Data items

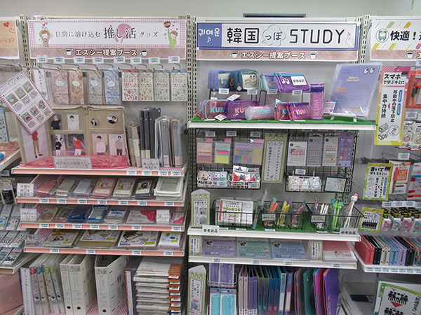 注目のエスシー企画コーナーでは、「快適!通学時間の学びサポート」「カワイイ♪韓国っぽSTUDY」「日常に溶け込む『推し活』グッズ」「かんたんかわいい!!押すだけ・貼るだけデコレーション」「おとなかわいいキャラで『すぐ分かる』収納」「14時からの外遊び~キャンプの空き時間をもっと楽しく~」「こども防災 防災グッズをつくってみよう!」の7つの売場提案を、データに基づきモデルゴンドラで具現化して量販店の売場活性化につなげる。
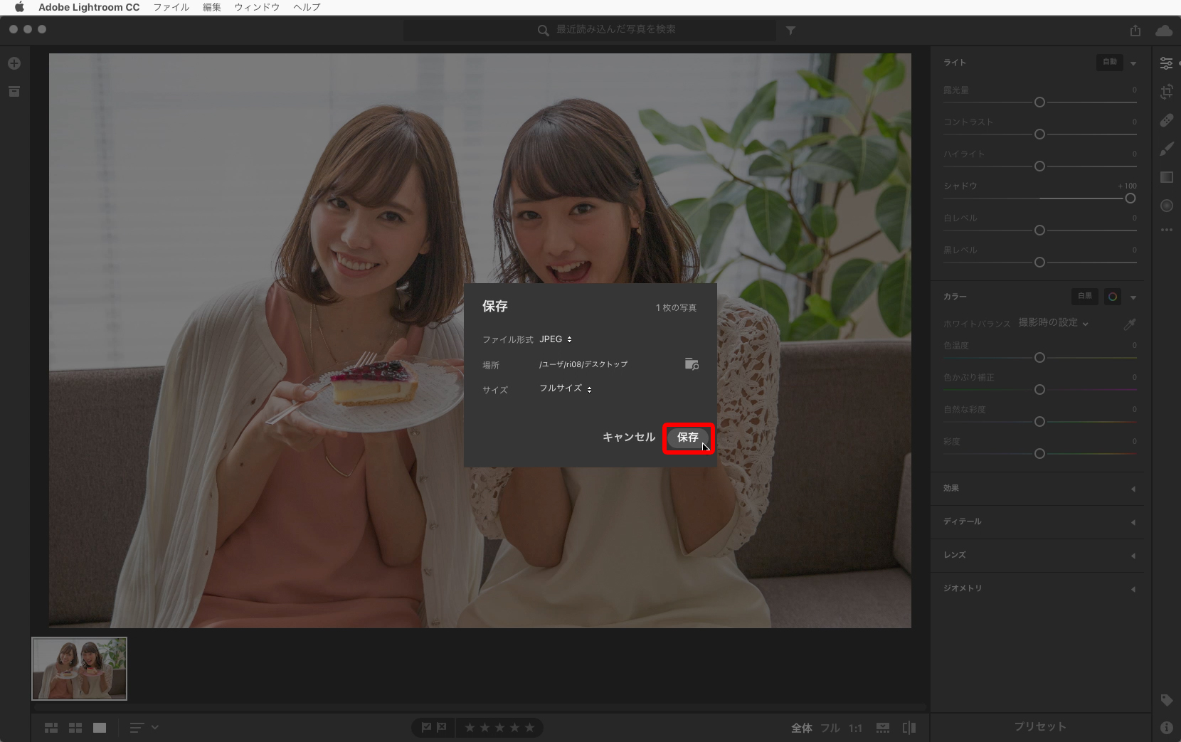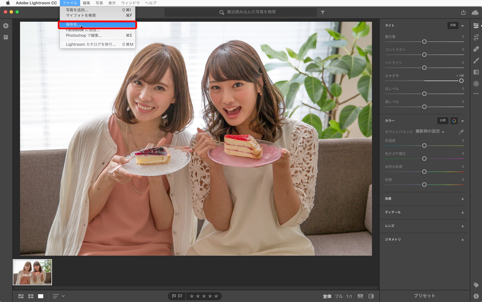 逆光で暗くなってしまった写真でも、Lightroom なら「シャドウ」のスライダーを調整するだけで明るく素敵な写真になります。
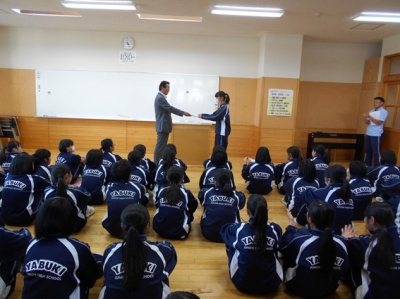 2017年9月29日 16時49分社会福祉協議会の方、町長さんが学校に来ました。
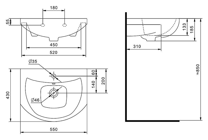 Раковина Santek Балтика 55 1WH501702 выполнена в современном стиле. Встраиваемая конструкция позволяет экономить место в ванной комнате для хранения туалетных принадлежностей. Модель оснащена широкой задней поверхностью, на которой можно размещать необходимые аксессуары для ежедневного использования. Изделие выполнено из санфарфора, который обладает повышенной прочностью и устойчивостью к негативным внешним факторам, а так же долгое время сохраняет идеальную белизну и не впитывает запахи и грязь. В комплект поставки входит хромированное кольцо. Смеситель и слив-перелив в комплект поставки не входят и приобретаются отдельно. Особенности:
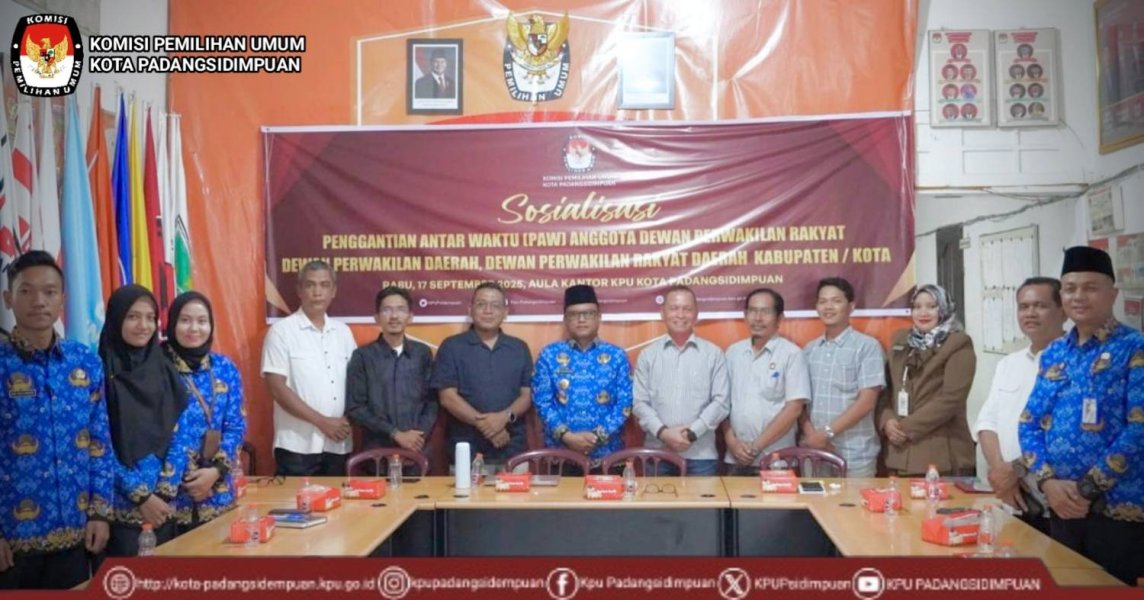 Komisi Pemilihan Umum Kota Padangsidimpuan laksanakan Rapat Koordinasi/ Sosialisasi Mekanisme & Kebijakan Penggantian Antar Waktu (PAW) Anggota DPR, DPD, DPRD Provinsi dan DPRD Kabupaten/Kota, acara dilaksanakan pada hari Rabu, 17 September 2025 di Aula Kantor KPU Kota Padangsidimpuan.
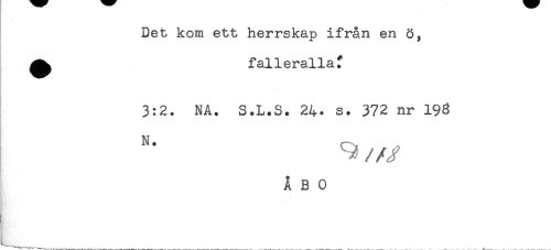 //// Det kom ett herrskap ifrån en ö, //// ^ fallerallaf //// 3:2. NA. S.L.S. 24. s. 372 nr 193 //// N. //// ÅBO ////
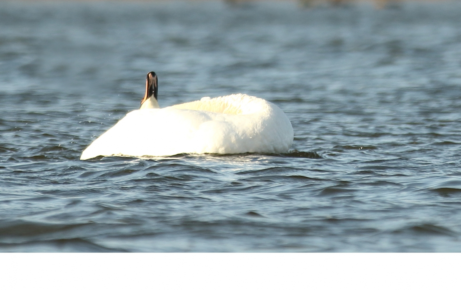 knobbelzwaan -v - ''inspecteert'' de lucht boven de plas
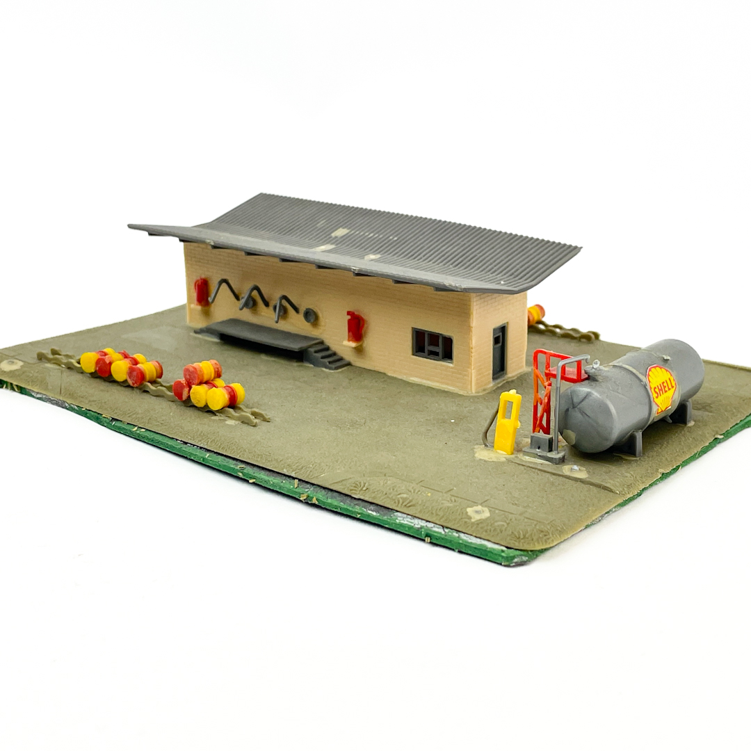 Das Gebäude zeigt ein kleines Öl-Depot mit Shell-Tank, Pumpen, Schläuchen und Fässern in Gelb und Rot.
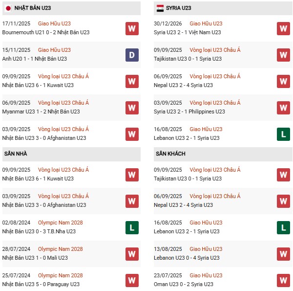 Thống kê phong độ U23 Nhật Bản vs U23 Syria:
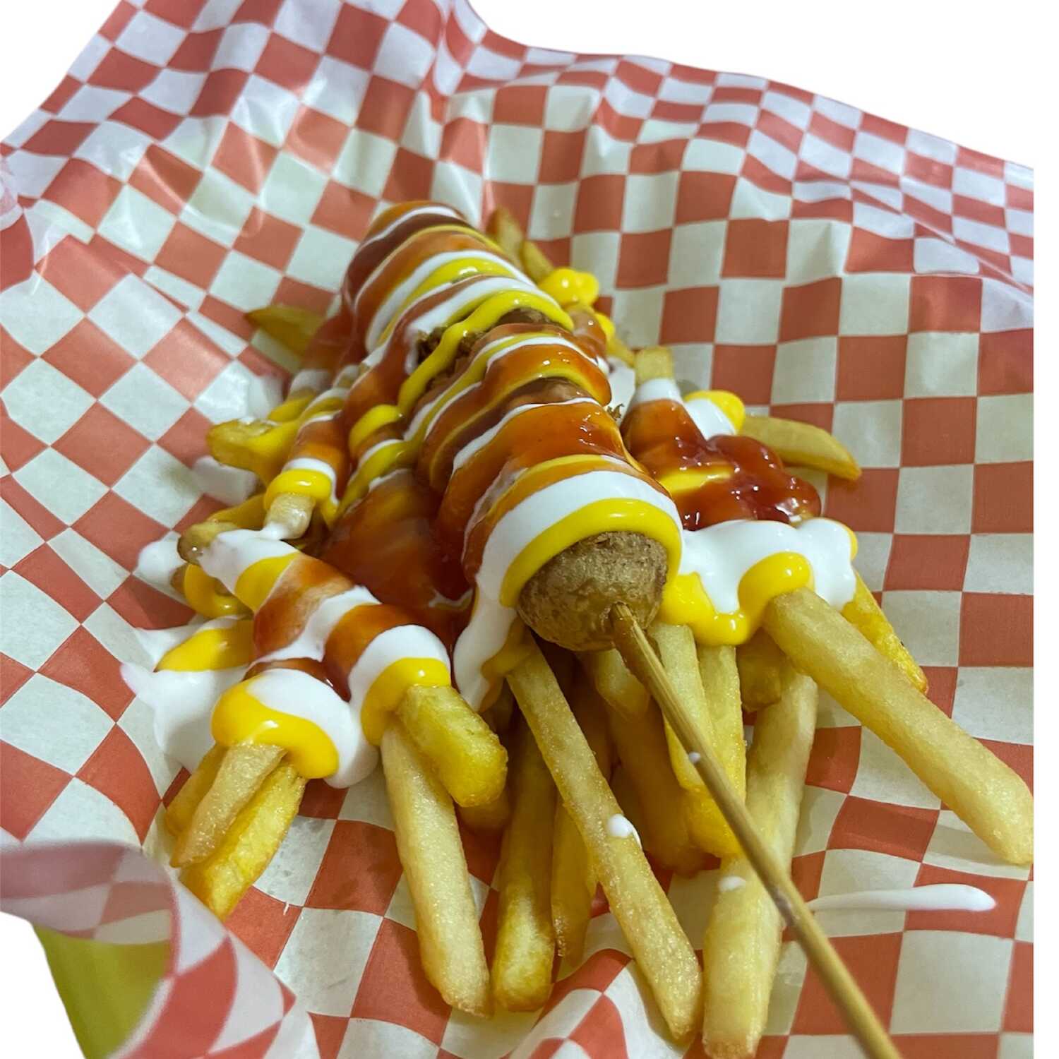 Salchicha chica, jitomate, cebolla, chiles en vinagre, mayonesa, cátsup y mostaza acompañado con 130 gramos de papas.

> [Task] Leave the pictures out, then output exactly the lines from the "knobbelzwaan -v - ''inspecteert''" line through the end of the records above, and no others.

> [Output for this task]
 knobbelzwaan -v - ''inspecteert'' de lucht boven de plas
 Das Gebäude zeigt ein kleines Öl-Depot mit Shell-Tank, Pumpen, Schläuchen und Fässern in Gelb und Rot.
 Thống kê phong độ U23 Nhật Bản vs U23 Syria:
 Salchicha chica, jitomate, cebolla, chiles en vinagre, mayonesa, cátsup y mostaza acompañado con 130 gramos de papas.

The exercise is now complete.